**AIM OF THE TASK**
In the copy, keep every line below as it is and leave out the pictures.

**SUPPLIED INFORMATION**
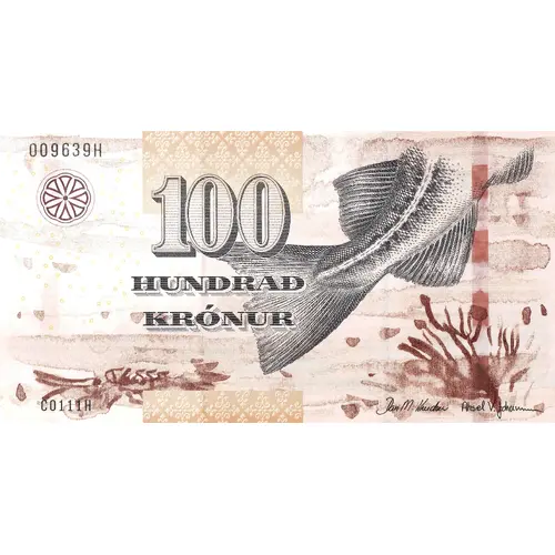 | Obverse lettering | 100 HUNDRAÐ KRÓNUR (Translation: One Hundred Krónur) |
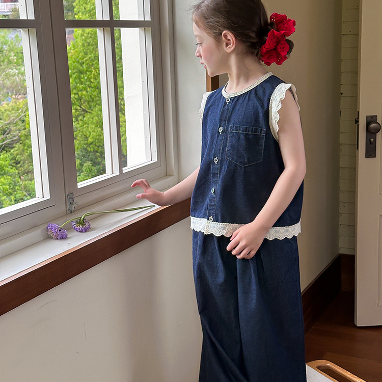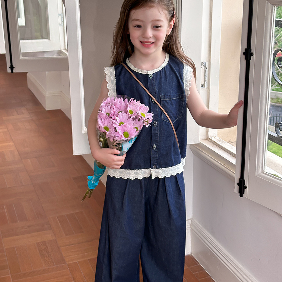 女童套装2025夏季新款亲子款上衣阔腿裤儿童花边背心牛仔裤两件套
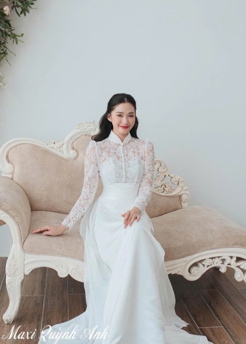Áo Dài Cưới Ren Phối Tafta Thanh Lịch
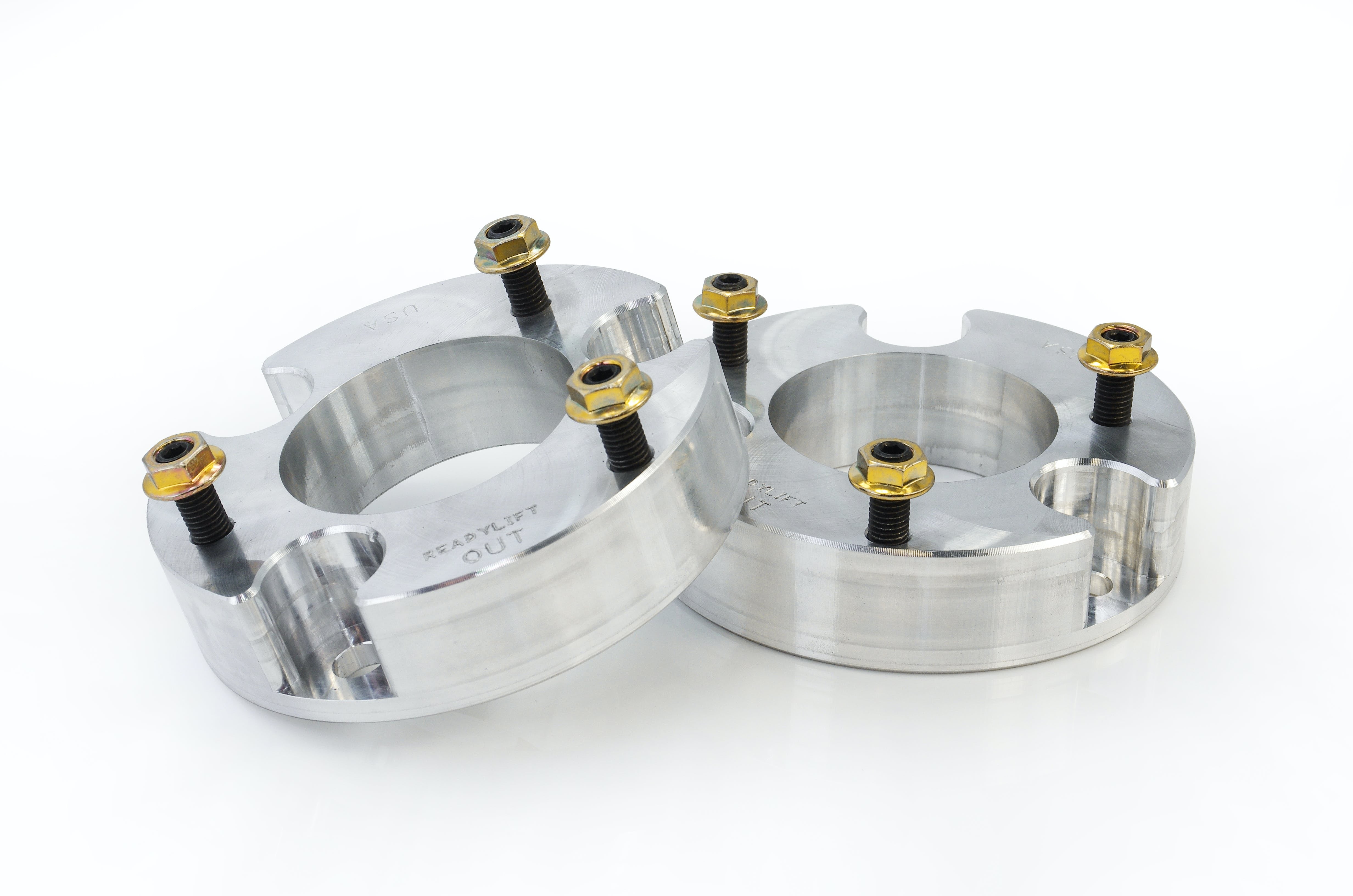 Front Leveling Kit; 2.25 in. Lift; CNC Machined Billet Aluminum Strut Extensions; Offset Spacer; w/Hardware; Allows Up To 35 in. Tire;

**RESULT BELOW**
 | Obverse lettering | 100 HUNDRAÐ KRÓNUR (Translation: One Hundred Krónur) |
 女童套装2025夏季新款亲子款上衣阔腿裤儿童花边背心牛仔裤两件套
Áo Dài Cưới Ren Phối Tafta Thanh Lịch
 Front Leveling Kit; 2.25 in. Lift; CNC Machined Billet Aluminum Strut Extensions; Offset Spacer; w/Hardware; Allows Up To 35 in. Tire;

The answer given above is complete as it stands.